UDA ‘to purge Shoukri’
Speculation north Belfast ‘brigadier’ is to be stood down by leadership as woman is taken into witness protection programme in wake of raids and arrests
Ciarán Barnes

Click to view - Shoukri brothers (Andre on right)
The Ulster Defence Association is preparing to “stand down” Andre Shoukri as its boss in north Belfast following his arrest yesterday.
Detectives from the PSNI’s organised crime squad arrested the 27-year-old, his elder brother Ihab Shoukri, a female relative, and two other men in a series of early morning raids.
The arrests came after a woman approached the PSNI with information on illegal money making rackets being run by the north Belfast UDA.
She is now living in England under the police’s witness protection programme.
Ye Olde Strathmore Inn on the city’s Cavehill Road, which was formerly known as Bonaparte’s bar, was also visited by detectives.
Last June a PSNI inspector said the premises were “under the control of a paramilitary organisation”. The comments were made during a Belfast city council entertainments license application hearing by its then owner, Mandy Hillman.
Loyalist sources told Daily Ireland yesterday that Andre Shoukri’s arrest signalled the end of his spell in charge of the north Belfast UDA.
The UDA is planning to replace him with a well-spoken loyalist who is heavily involved with interface work.
“Andre is finished, there will be no coming back after this,” said one well-placed source.
“Having the PSNI take him off the streets saves us from doing it ourselves.”
In recent months the UDA has been trying to clean up its gangster image and portray itself as a more political organisation.
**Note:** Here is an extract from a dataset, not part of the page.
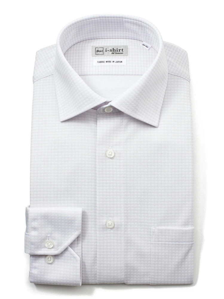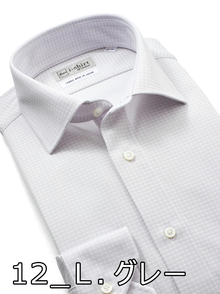 【ECOi-shirt】完全ノーアイロン長袖セミワイドエコセンサー織柄無地刺し子ワイシャツ通年

In April, the UDA stood down its flamboyant east Belfast boss Jim Gray, before murdering him .
Andre Shoukri is viewed by many within the UDA as being in the same mould as Gray. He has powerful enemies within the organisation including its south Belfast leader Jackie McDonald.
McDonald and Shoukri’s UDA factions clashed during the summer when a number of bars that their supporters drink in were paint-bombed.
Last week Andre Shoukri ordered convicted UDA blackmailer Thomas Potts to begin a poison pen campaign against McDonald.
Potts sent anonymous letters to newspapers and senior loyalists in Belfast accusing McDonald of shaming the UDA. McDonald supporters hit back, initiating a smear campaign against Shoukri.
Since joining the UDA in the mid-1990s, Shoukri has been in regular trouble with the law. In 1996 he was jailed for his involvement in the death of Dubliner Gareth Parker who was run over by a car after being punched by Shoukri. The loyalist was back in court in 1998, when he was jailed for attempting to smuggle cigarettes. Two years later he was jailed again for his part in a blackmail plot against a Catholic businessman.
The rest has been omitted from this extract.